We cringe whenever we see a case involving over-the-counter (OTC) drugs and children. It brings back memories of lawsuits with sympathetic plaintiffs and difficult facts. We remember one case in which a three year old gobbled half a bottle of pain pills. The child survived, but it was a near thing for a couple of weeks. The parents sued, claiming that confusing packaging made them buy a bottle without a child-proof cap. We initially thought the claim silly – after all one could read the box and see that there wasn’t a child-proof cap. But later we interviewed the head of the state’s drug safety department. By the reception desk there was a glass cabinet containing OTC drug packages that the state had concluded were unduly confusing. Front and center on the second shelf was our product. Ugh.

But today’s case, Robinson v. Walgreen Co., 2022 WL 204360 (N.D. Ill. Jan. 24, 2022), does not involve any physical injuries. Rather, parents filed class actions alleging that the smaller dose and higher priced “infants” version of OTC acetaminophen-based pain relievers, when compared to the “children’s” version with the same formula, violated Illinois and Texas consumer fraud statutes. Essentially, the parents argued that they had been hoodwinked into paying more for infant medications that were the same as children medications. They claimed that “they and similar consumers are injured by defendant’s deceptions because they ‘are not getting what they pay for — a pediatric pain reliever that is specifically formulated or medically unique for infants. Instead, they pay a price premium for a product that is identical to another pediatric product manufactured and marketed by Defendant.”

And now let’s take a definitional interlude. “Infants” range from birth to two years, while “children” range from two to 12 years. OTC medications for infants and children typically sit next to each other on store shelves.
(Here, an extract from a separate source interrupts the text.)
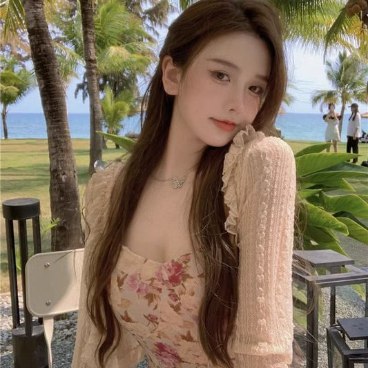 Plain Frill Trim Tie Front Lace Crop Light Jacket / Spaghetti Strap Floral Print Slit Midi Bodycon Dress

The plaintiffs were wrong on the law and on the facts. That is why the defendant managed to get the case dismissed on a 12(b)(6) motion. The plaintiffs were wrong on the law because their claims were preempted. As the court’s opinion explains in considerable detail, the distinction between “infant” and “children” OTC medications was created with the FDA’s agreement, through a “tentative” final monograph (TFM) published in 1988 to prevent overdosing of infants by restricting the dosage. A 2020 statutory change (the CARES Act) deemed these tentative monographs to be final FDA action, thus creating an avenue for express OTC preemption in non-personal injury cases such as this. The defendant argued that because the TFM does not require a disclosure that the infants’ and childrens’ products are identical formulations, the plaintiffs were seeking, through resort to state law, to impose a requirement “that is different from or in addition to, or that is otherwise not identical with, a requirement” in the TFM and would thus violate 21 U.S.C. Section 379r(a)(2). The Robinson court agreed with the defendant and held that the consumer fraud actions were preempted.
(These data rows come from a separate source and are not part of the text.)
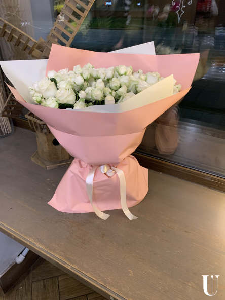 Монобукет из 11 роз Вайт Охара в розовой упаковке
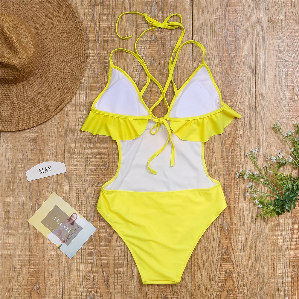 Женский слитный купальник, однотонный Желтый купальный костюм с оборками, пляжная одежда, 2022
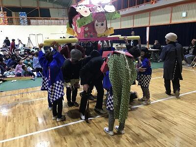 【1.2年生の発表 ※獅子舞に頭を噛んでもらったり、御神輿の下をくぐったりして幸せをたくさんもらいました】↓
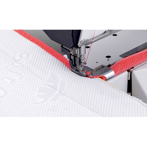 Специальная швейная головка двухниточного цепного стежка с нижним, верхним и игольным транспортом, с полуцилиндрической платформой, с пневматическим подъёмом лапки, для использования на установках для окантовки матрасов.

The Robinson opinion discusses a number of prior decisions, all but one (sadly, from our old home district of C.D. Cal.) of which are favorable, and a couple of which we have already blogged about here and here.

The plaintiffs were wrong on the facts because the “infant” and “children” medications were not precisely the same. True, the active ingredient and concentration per milliliter were the same. That was not always the case. Earlier, the infant formula was more concentrated. But in 2011, the FDA issued a Safety Communication noting that, due to dosing errors that occurred with the more concentrated infants’ formulation, some manufacturers decided to change their liquid acetaminophen products marketed to infants to the same concentration for childrens’ products.

By the way, the fact of equal concentrations was not hidden. It was right there on the labels. This case involved store brand medications, so the purchasers were presumably people who read labels and made sure that the product was the same as the national brands. (At this point we must confess that our word choice is sloppy. We learned from clients manufacturing store brands that they must be careful not to say the products were the same; packages say things such as “Compare to the [national brand].” But you and the consumer get the point. The active ingredient and concentration are the same. Why not save some money? When our heirs were toddlers – whether infants or children – we often brought home store brand meds to treat their sniffles. The Drug and Device Law Spouse was invariably displeased. Our argument about same-ingredient, etc. fell on deaf ears. How could we be so cheap when it came to the health of our kids? Slack-jawed, we had no response. The truth is that we’re cheap about everything. We’d sheepishly grab the car keys and head back to the store.).

The point is that there was nothing deceptive about the infants’ and childrens’ product packaging. And even though the meds were the same, the infants product came with a syringe for more accurate dosing. The children’s product came with a dosing cup. The 2011 Safety Communication contained a Q&A stating that the dosing devices must not be interchanged. You might quibble with whether the syringe justifies a higher price, but there was no deception.